# [Instructions to follow]
Each record here should be printed again exactly; please leave its pictures out.

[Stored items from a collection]
·····
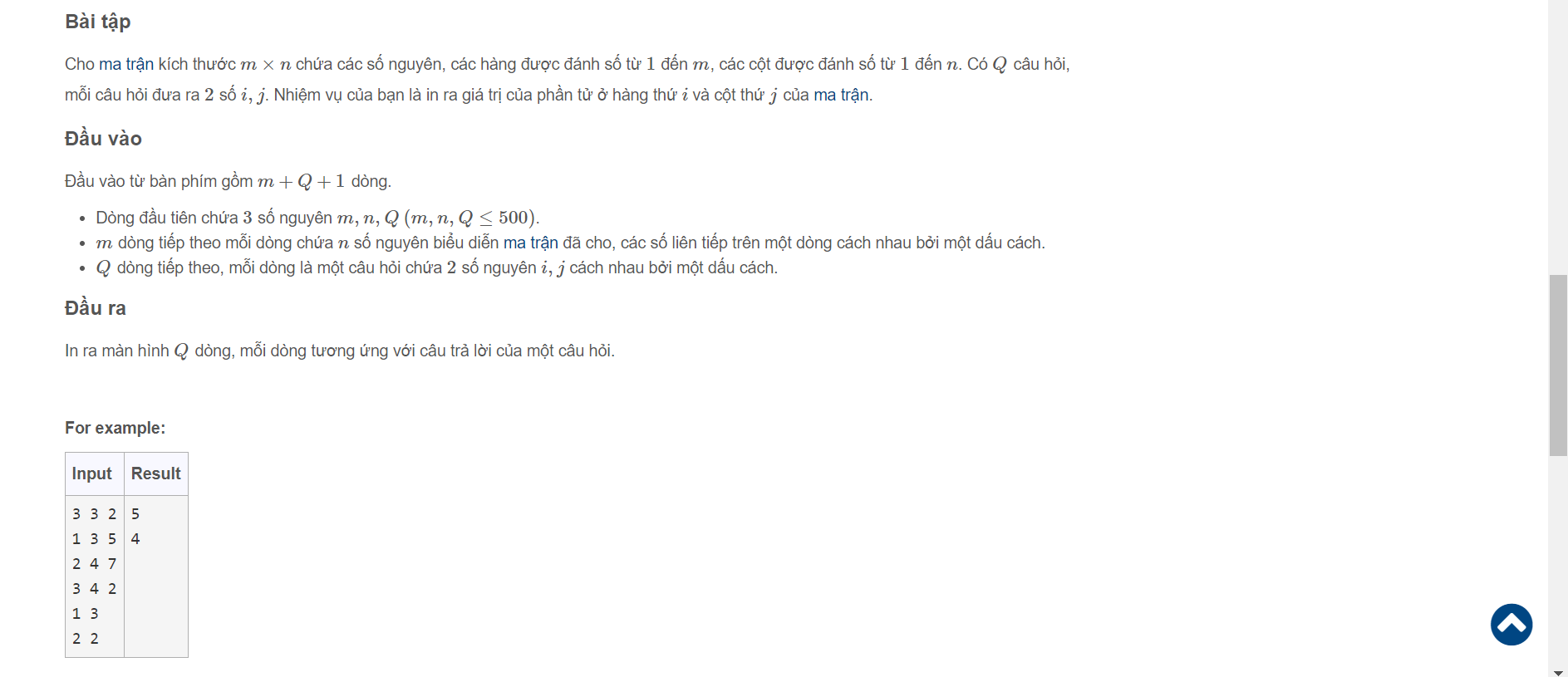 nhập vào Qi,Qj rồi in ra x[Qi][Qj].
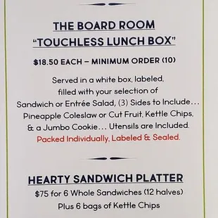 the menu of the restaurant
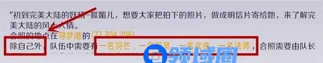 找到对应职业的玩家进行组队,到达指定地点后,合照需要由队长发起,拍照时要保证除自己以外的指定职业都在镜头中,合照结束之后记得点击分享,只保存相册是没办法完成任务的。
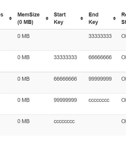 此规则分成了4个区间,根据对应的row key 分为4个区。
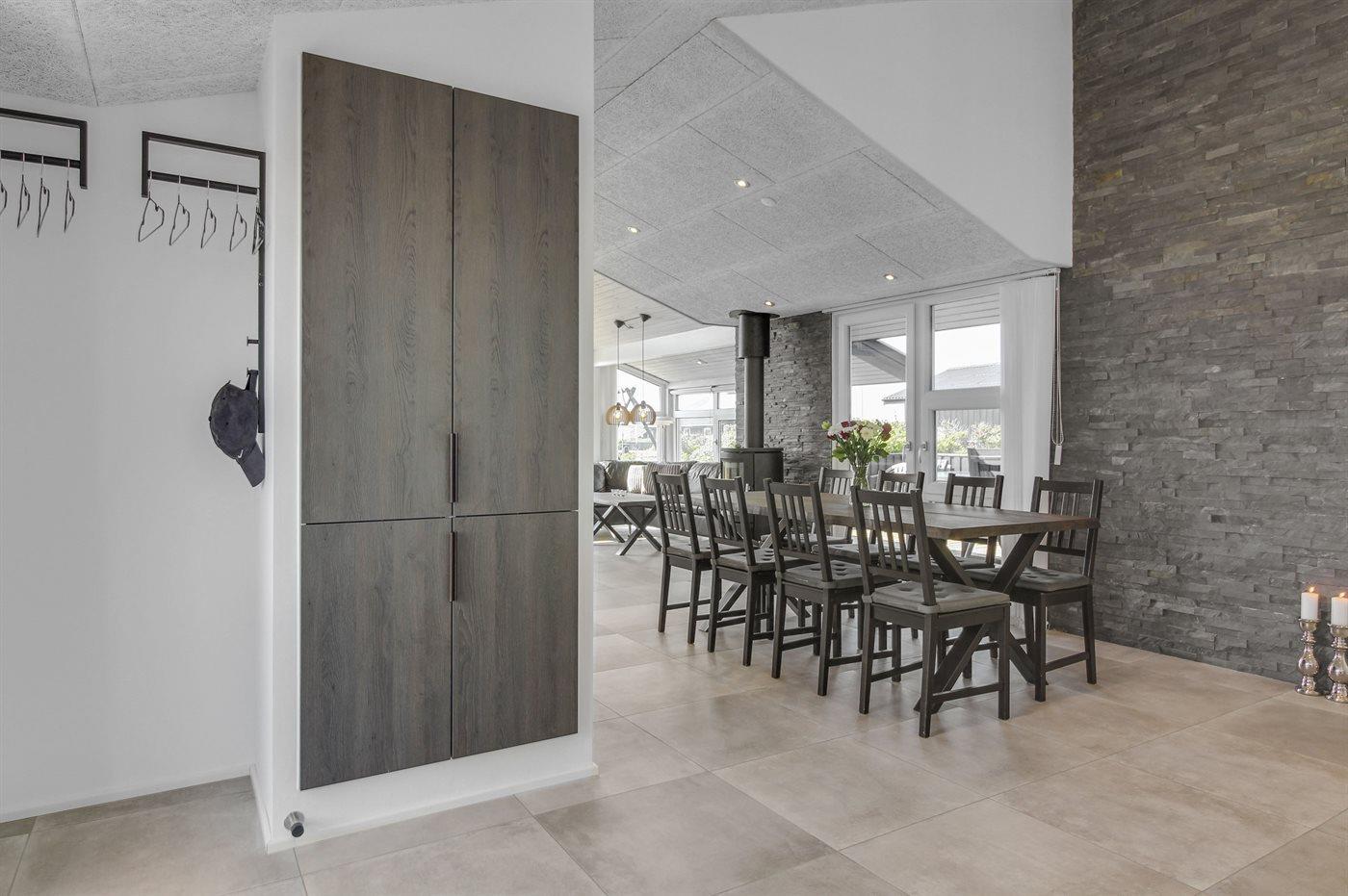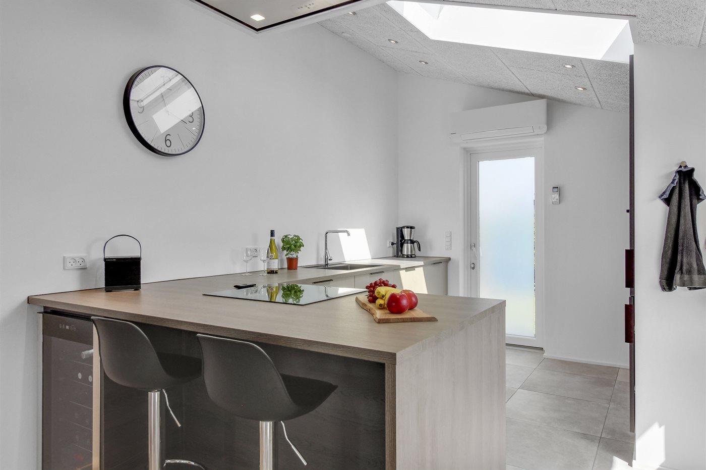 Køkkenet er udstyret med 1 køleskab. Der er 4 induktionskogeplader, varmluftovn, mikrobølgeovn samt opvaskemaskine Der er gulvvarme i køkkenet.
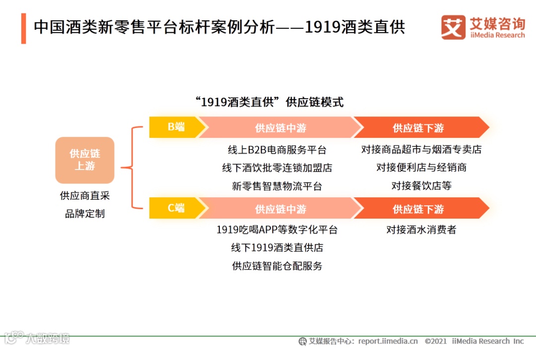 “1919酒类直供” 成立于2006年,1919酒类直供平台已形成C端业务、B端业务、衍生业务三大板块,采用“厂商直采+全面供应链+专业仓储物流”模式,通过整合供应商资源、线上平台服务、线下批发零售门店服务、智能仓储物流、提供综合运营解决方案等业务板块,构建了国内酒类新零售综合服务和数字化垂直电商平台。
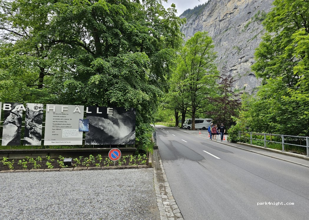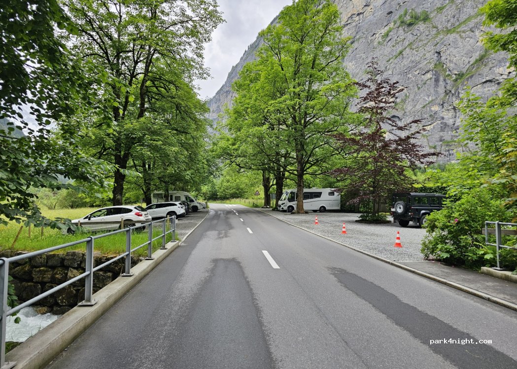 parking ONLY if you are going up the Trummelbach Falls otherwise you will be told to move on. Go past the entrance to the falls and then you will find a few parks on the right and left of the road. There are signs showing a motorhome and a red line thru, but that is only for camping overnight. The owner keeps a close eye on things. The Trummelbach Falls are a must to see and a nice cafe there.
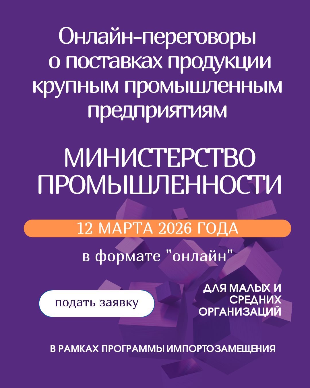 12 марта 2026 года с 11:00 до 13:00 часов в рамках контактно – кооперационной биржи планируется проведение онлайн-переговоров с организациями Министерства промышленности
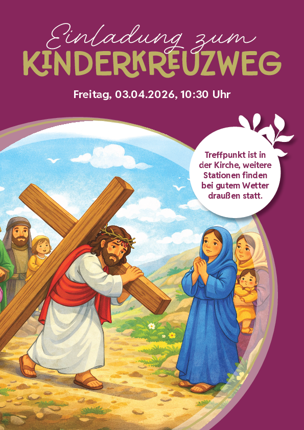 am Karfreitag, 03.04. um 10:30 Uhr zum Kinderkreuzweg in der Pfarrkirche (bei schönem Wetter gemeinsamer Kreuzweg von der Kirche zur kleinen Schule)
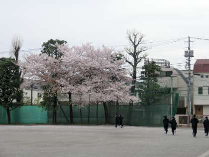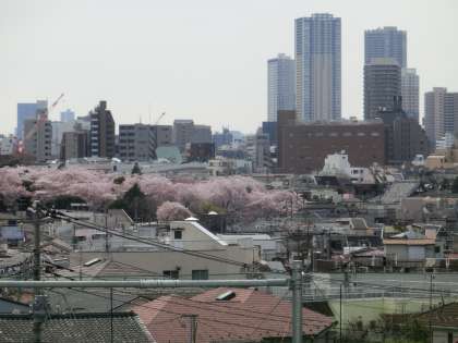 4月10日(月)桜はまだ満開です!部活動で走っています。都立染井墓地の桜満開!池袋サンシャインもくっきりの良い天気です!
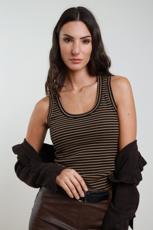 Canotta Scollo all'Americana Incrociato, a Costine in Lurex.
·····
# [Solved problem]
 nhập vào Qi,Qj rồi in ra x[Qi][Qj].
 the menu of the restaurant
 找到对应职业的玩家进行组队,到达指定地点后,合照需要由队长发起,拍照时要保证除自己以外的指定职业都在镜头中,合照结束之后记得点击分享,只保存相册是没办法完成任务的。
 此规则分成了4个区间,根据对应的row key 分为4个区。
 Køkkenet er udstyret med 1 køleskab. Der er 4 induktionskogeplader, varmluftovn, mikrobølgeovn samt opvaskemaskine Der er gulvvarme i køkkenet.
 “1919酒类直供” 成立于2006年,1919酒类直供平台已形成C端业务、B端业务、衍生业务三大板块,采用“厂商直采+全面供应链+专业仓储物流”模式,通过整合供应商资源、线上平台服务、线下批发零售门店服务、智能仓储物流、提供综合运营解决方案等业务板块,构建了国内酒类新零售综合服务和数字化垂直电商平台。
 parking ONLY if you are going up the Trummelbach Falls otherwise you will be told to move on. Go past the entrance to the falls and then you will find a few parks on the right and left of the road. There are signs showing a motorhome and a red line thru, but that is only for camping overnight. The owner keeps a close eye on things. The Trummelbach Falls are a must to see and a nice cafe there.
 12 марта 2026 года с 11:00 до 13:00 часов в рамках контактно – кооперационной биржи планируется проведение онлайн-переговоров с организациями Министерства промышленности
 am Karfreitag, 03.04. um 10:30 Uhr zum Kinderkreuzweg in der Pfarrkirche (bei schönem Wetter gemeinsamer Kreuzweg von der Kirche zur kleinen Schule)
 4月10日(月)桜はまだ満開です!部活動で走っています。都立染井墓地の桜満開!池袋サンシャインもくっきりの良い天気です!
 Canotta Scollo all'Americana Incrociato, a Costine in Lurex.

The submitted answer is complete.